• [EXERCISE]:
Exactly transcribe the span of lines from the one containing "- Jenkins (Continuous" through the final line of the entries, inclusive, and nothing outside it. Exclude the pictures.

[Stored items]

== == ==

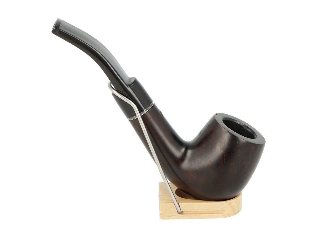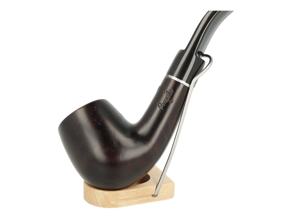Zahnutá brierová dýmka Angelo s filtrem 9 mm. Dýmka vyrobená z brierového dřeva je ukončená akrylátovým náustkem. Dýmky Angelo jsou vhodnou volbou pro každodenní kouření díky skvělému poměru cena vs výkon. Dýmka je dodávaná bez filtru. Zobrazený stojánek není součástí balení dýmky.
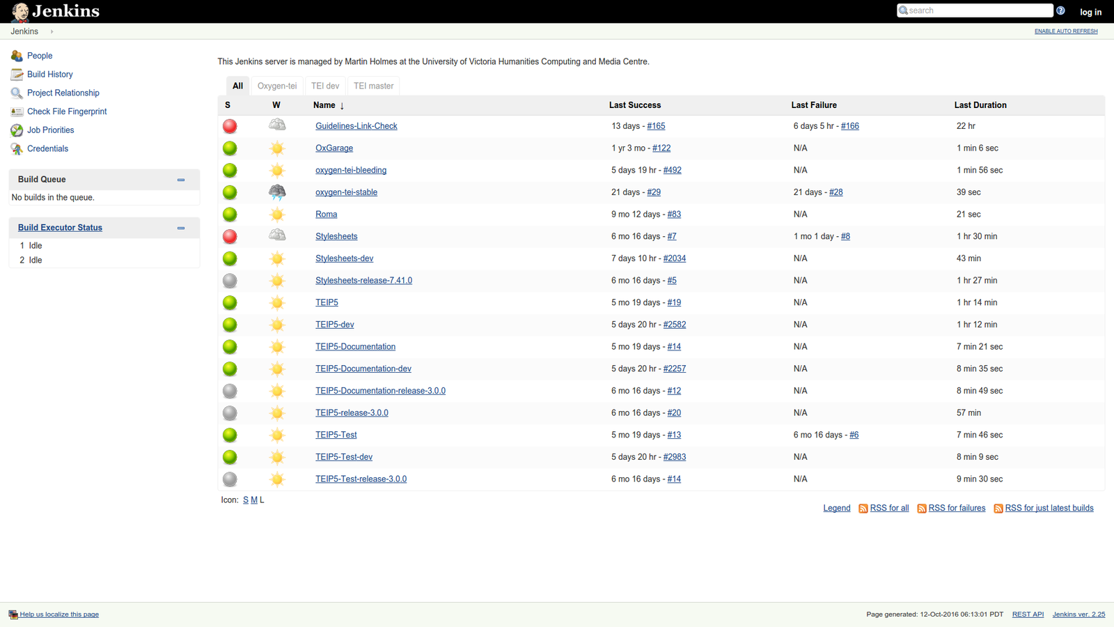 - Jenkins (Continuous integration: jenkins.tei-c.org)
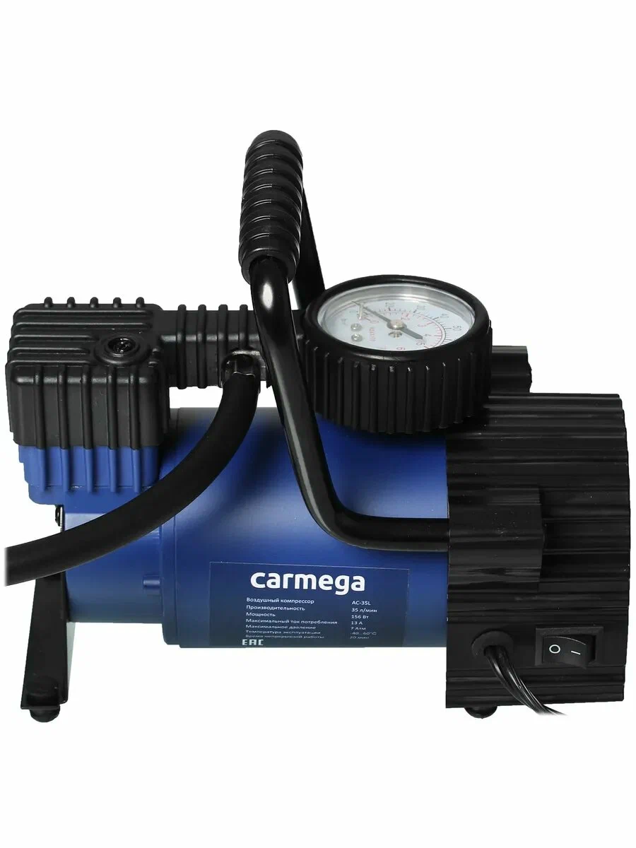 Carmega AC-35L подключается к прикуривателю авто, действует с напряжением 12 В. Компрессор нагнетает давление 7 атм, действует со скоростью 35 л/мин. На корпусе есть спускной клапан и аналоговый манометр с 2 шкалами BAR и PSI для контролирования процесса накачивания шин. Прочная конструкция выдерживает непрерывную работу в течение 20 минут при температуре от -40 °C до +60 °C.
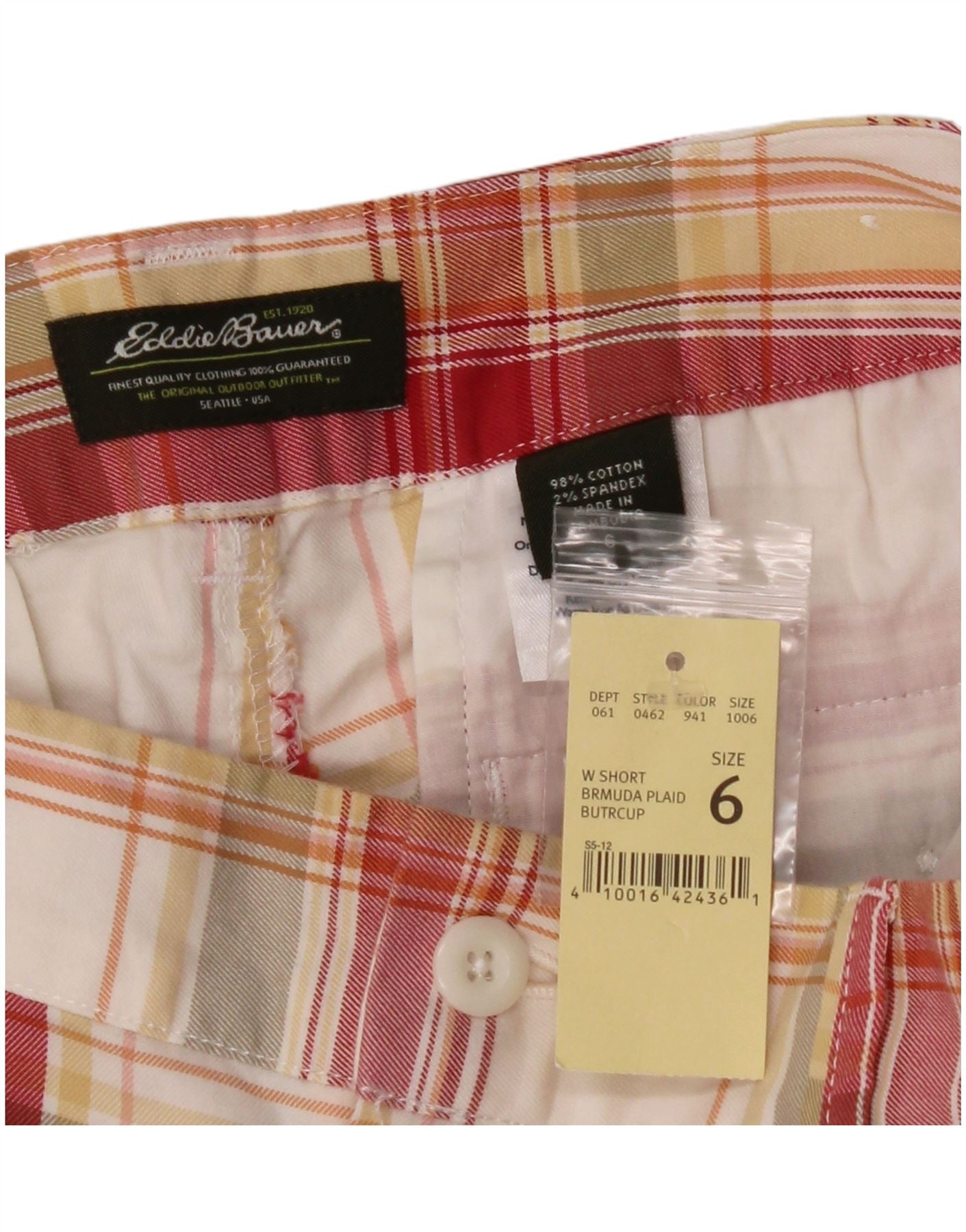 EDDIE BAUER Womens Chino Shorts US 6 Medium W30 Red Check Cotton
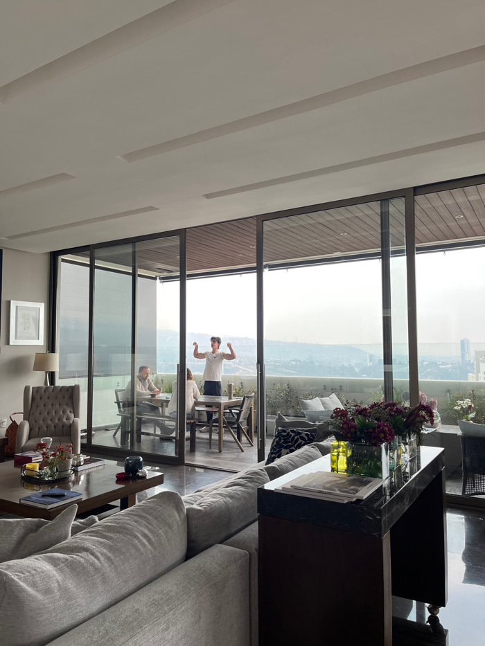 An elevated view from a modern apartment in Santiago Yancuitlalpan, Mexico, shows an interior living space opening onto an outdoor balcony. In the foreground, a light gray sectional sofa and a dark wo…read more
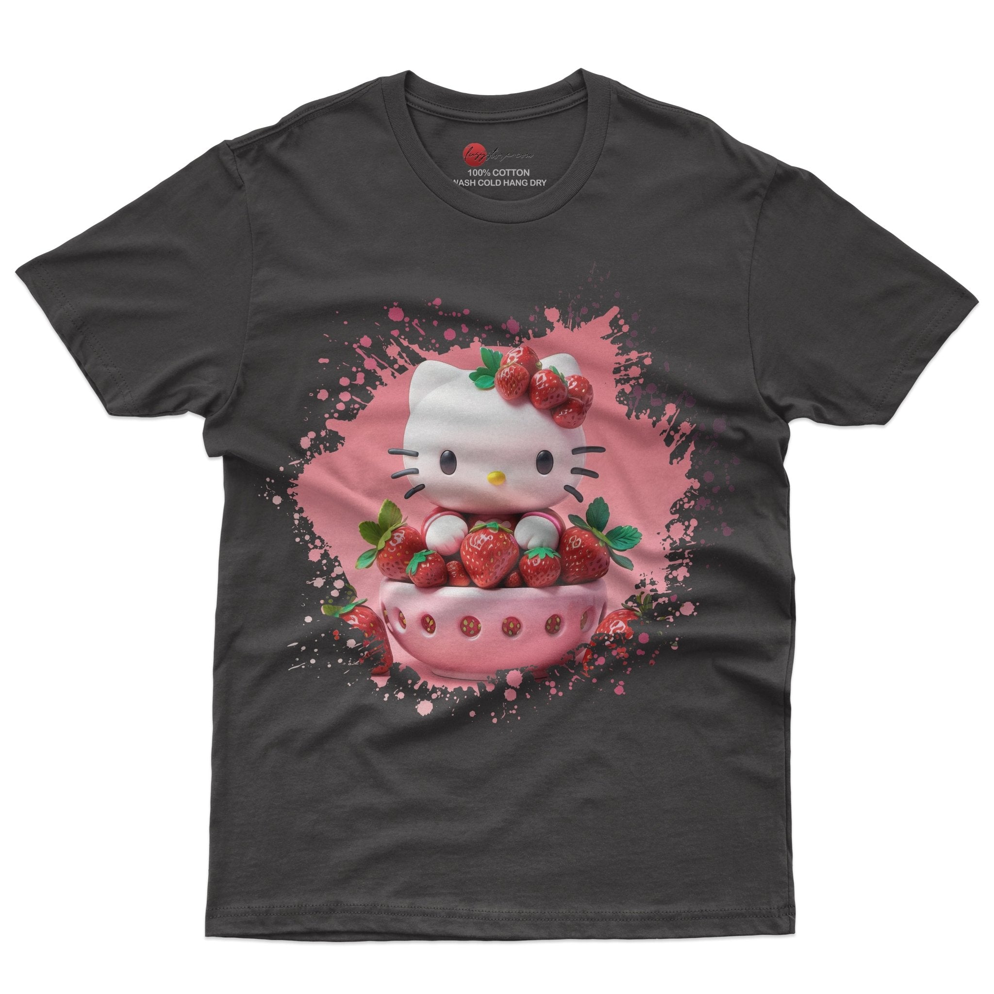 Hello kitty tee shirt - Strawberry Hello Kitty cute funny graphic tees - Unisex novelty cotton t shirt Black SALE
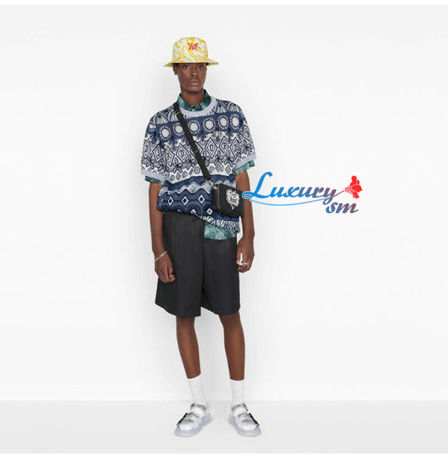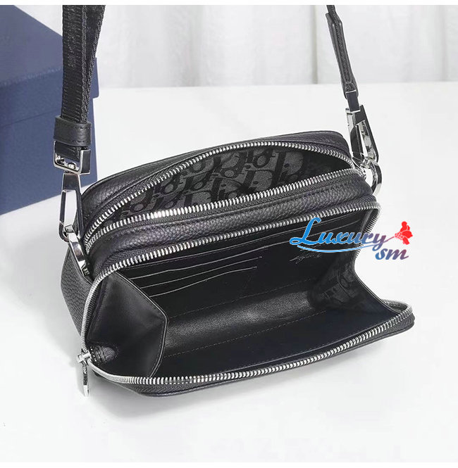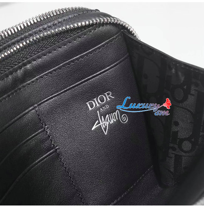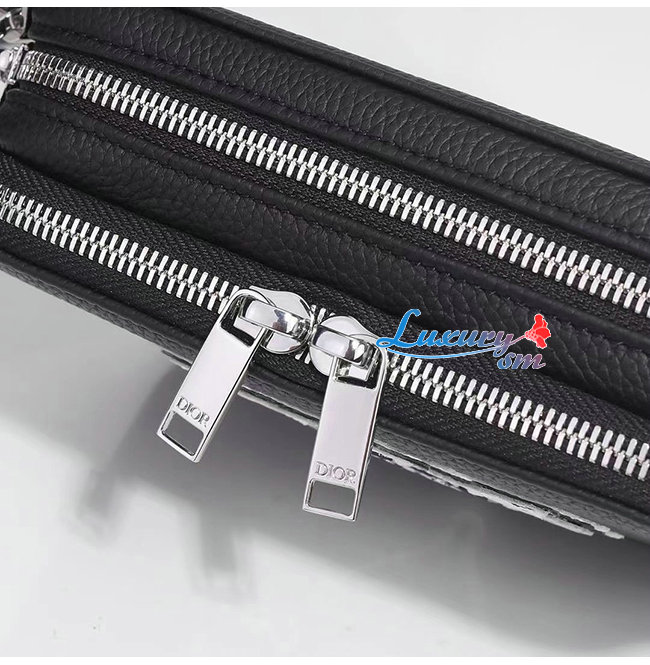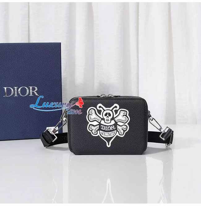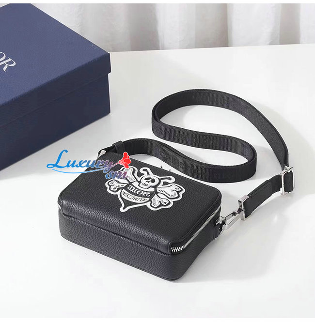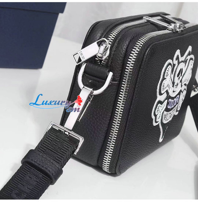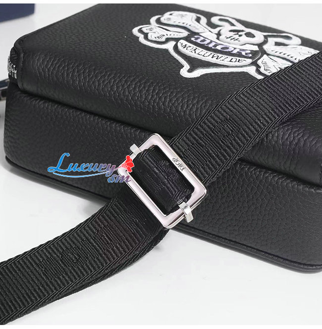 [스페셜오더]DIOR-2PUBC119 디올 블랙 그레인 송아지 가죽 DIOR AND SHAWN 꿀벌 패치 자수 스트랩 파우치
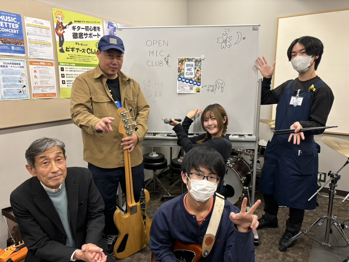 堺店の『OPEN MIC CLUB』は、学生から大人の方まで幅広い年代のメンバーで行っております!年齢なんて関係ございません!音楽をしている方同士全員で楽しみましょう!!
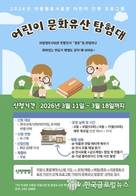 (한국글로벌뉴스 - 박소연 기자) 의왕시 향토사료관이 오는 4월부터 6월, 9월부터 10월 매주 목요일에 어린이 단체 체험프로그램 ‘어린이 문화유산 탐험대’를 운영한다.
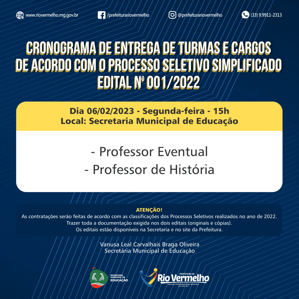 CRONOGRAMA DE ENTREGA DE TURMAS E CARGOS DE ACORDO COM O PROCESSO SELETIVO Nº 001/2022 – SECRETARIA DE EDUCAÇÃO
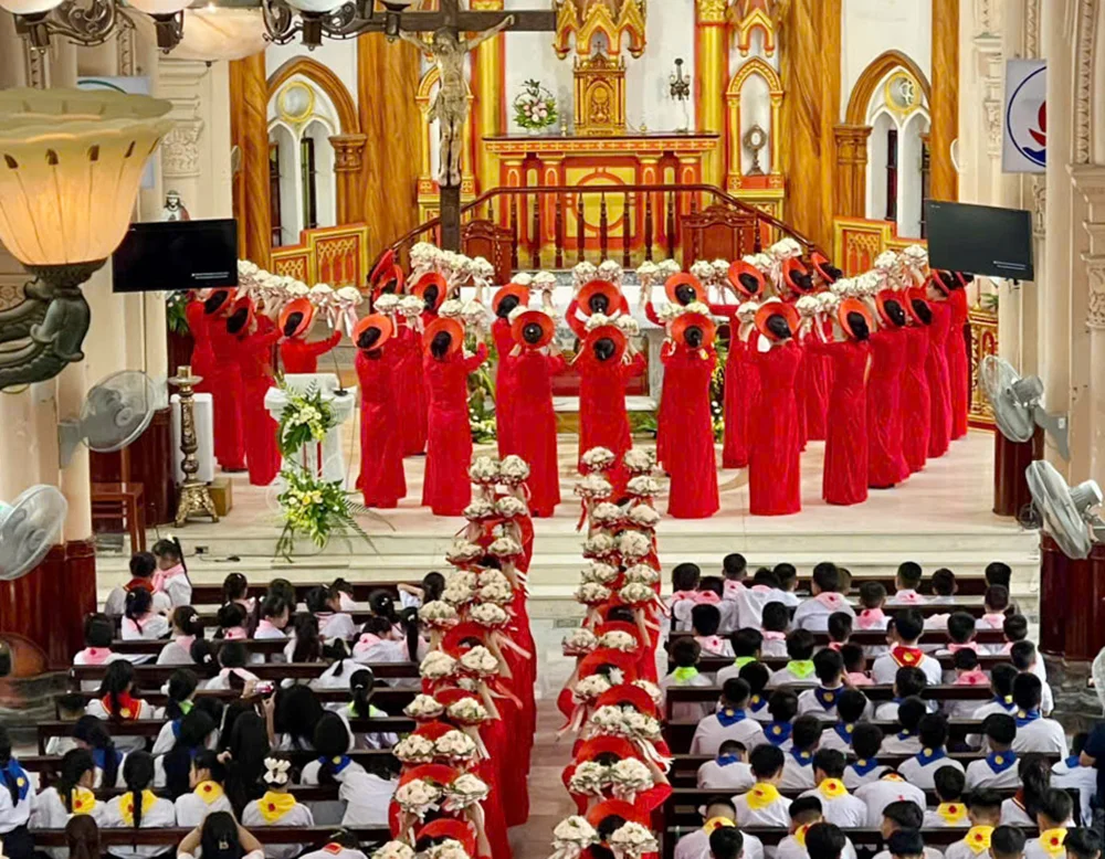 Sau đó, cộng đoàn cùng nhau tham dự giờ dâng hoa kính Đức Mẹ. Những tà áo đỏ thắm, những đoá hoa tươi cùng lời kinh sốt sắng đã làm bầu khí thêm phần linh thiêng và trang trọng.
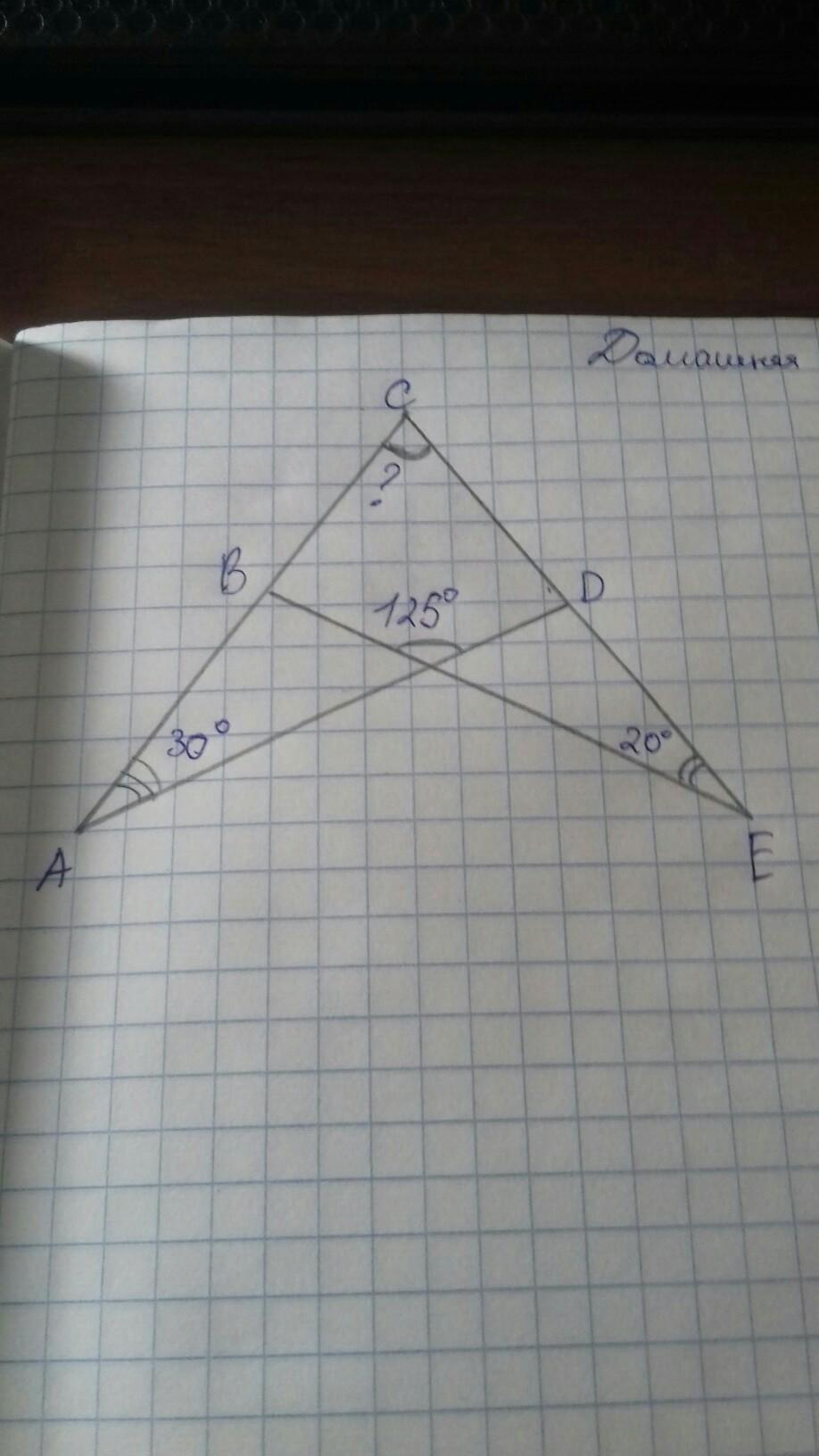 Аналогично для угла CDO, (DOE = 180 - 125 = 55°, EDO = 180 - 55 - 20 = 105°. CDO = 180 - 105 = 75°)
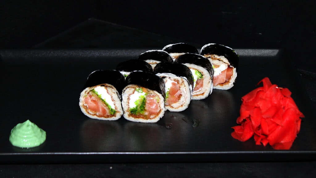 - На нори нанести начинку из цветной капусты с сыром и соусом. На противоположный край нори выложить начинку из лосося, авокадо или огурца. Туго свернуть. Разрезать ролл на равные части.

== == ==

• [OUTPUT FOR THIS EXERCISE]:
 - Jenkins (Continuous integration: jenkins.tei-c.org)
 Carmega AC-35L подключается к прикуривателю авто, действует с напряжением 12 В. Компрессор нагнетает давление 7 атм, действует со скоростью 35 л/мин. На корпусе есть спускной клапан и аналоговый манометр с 2 шкалами BAR и PSI для контролирования процесса накачивания шин. Прочная конструкция выдерживает непрерывную работу в течение 20 минут при температуре от -40 °C до +60 °C.
 EDDIE BAUER Womens Chino Shorts US 6 Medium W30 Red Check Cotton
 An elevated view from a modern apartment in Santiago Yancuitlalpan, Mexico, shows an interior living space opening onto an outdoor balcony. In the foreground, a light gray sectional sofa and a dark wo…read more
 Hello kitty tee shirt - Strawberry Hello Kitty cute funny graphic tees - Unisex novelty cotton t shirt Black SALE
 [스페셜오더]DIOR-2PUBC119 디올 블랙 그레인 송아지 가죽 DIOR AND SHAWN 꿀벌 패치 자수 스트랩 파우치
 堺店の『OPEN MIC CLUB』は、学生から大人の方まで幅広い年代のメンバーで行っております!年齢なんて関係ございません!音楽をしている方同士全員で楽しみましょう!!
 (한국글로벌뉴스 - 박소연 기자) 의왕시 향토사료관이 오는 4월부터 6월, 9월부터 10월 매주 목요일에 어린이 단체 체험프로그램 ‘어린이 문화유산 탐험대’를 운영한다.
 CRONOGRAMA DE ENTREGA DE TURMAS E CARGOS DE ACORDO COM O PROCESSO SELETIVO Nº 001/2022 – SECRETARIA DE EDUCAÇÃO
 Sau đó, cộng đoàn cùng nhau tham dự giờ dâng hoa kính Đức Mẹ. Những tà áo đỏ thắm, những đoá hoa tươi cùng lời kinh sốt sắng đã làm bầu khí thêm phần linh thiêng và trang trọng.
 Аналогично для угла CDO, (DOE = 180 - 125 = 55°, EDO = 180 - 55 - 20 = 105°. CDO = 180 - 105 = 75°)
 - На нори нанести начинку из цветной капусты с сыром и соусом. На противоположный край нори выложить начинку из лосося, авокадо или огурца. Туго свернуть. Разрезать ролл на равные части.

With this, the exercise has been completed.